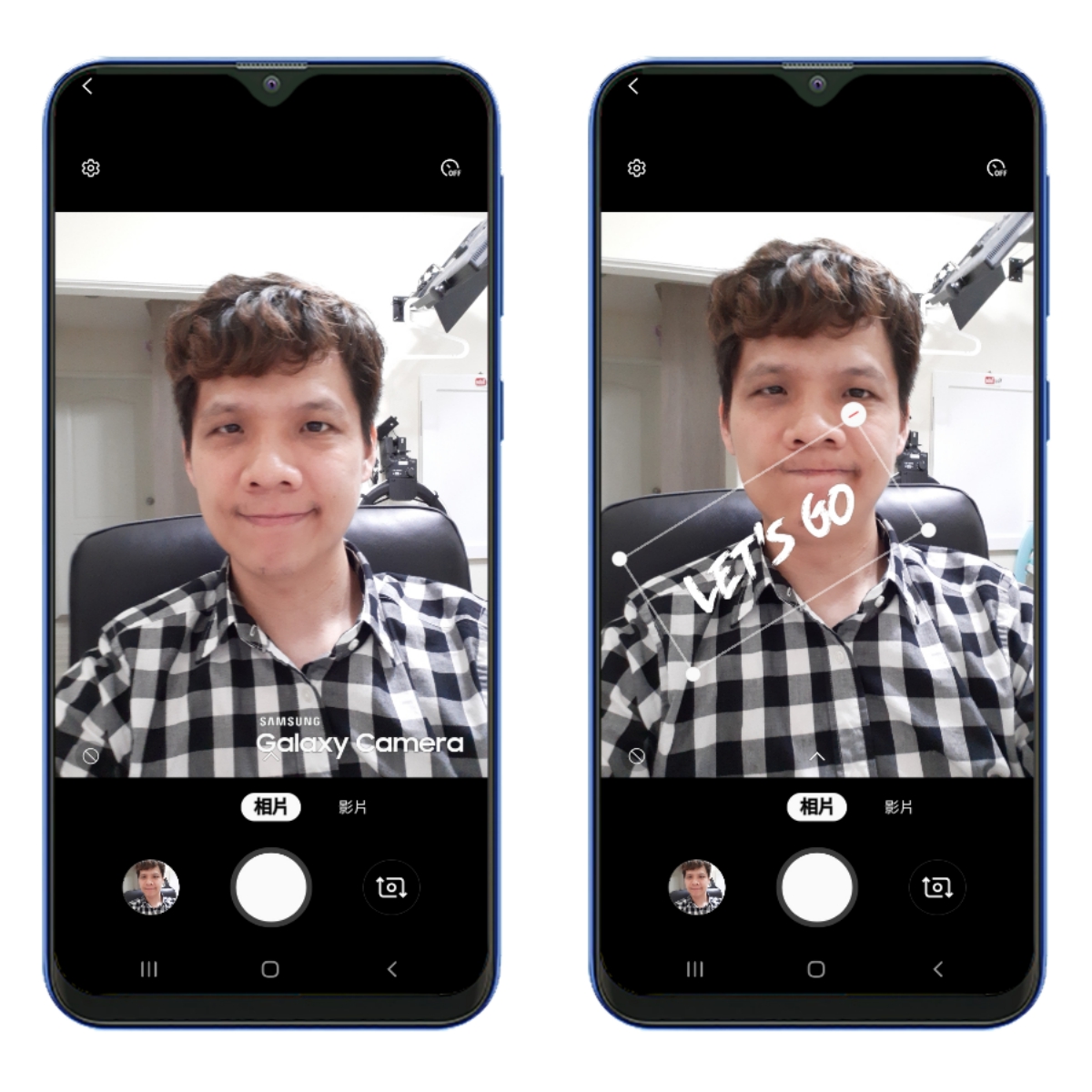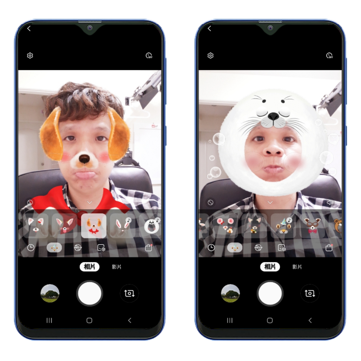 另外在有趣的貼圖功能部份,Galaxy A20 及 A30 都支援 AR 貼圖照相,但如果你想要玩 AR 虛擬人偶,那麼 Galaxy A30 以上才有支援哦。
════════════════════
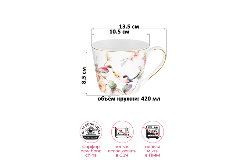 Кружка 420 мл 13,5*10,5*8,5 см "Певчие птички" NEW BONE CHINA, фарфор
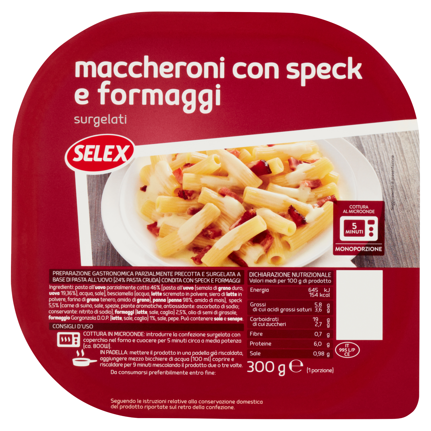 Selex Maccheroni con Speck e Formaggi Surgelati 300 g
════════════════════
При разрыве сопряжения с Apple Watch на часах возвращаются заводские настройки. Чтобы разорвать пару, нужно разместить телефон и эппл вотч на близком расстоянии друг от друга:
════════════════════
Problem =
Set down, exactly as written above, each line from the one with "Кружка 420 мл" through the one with "Selex Maccheroni con", and skip the pictures.

Response for this exercise =
 Кружка 420 мл 13,5*10,5*8,5 см "Певчие птички" NEW BONE CHINA, фарфор
 Selex Maccheroni con Speck e Formaggi Surgelati 300 g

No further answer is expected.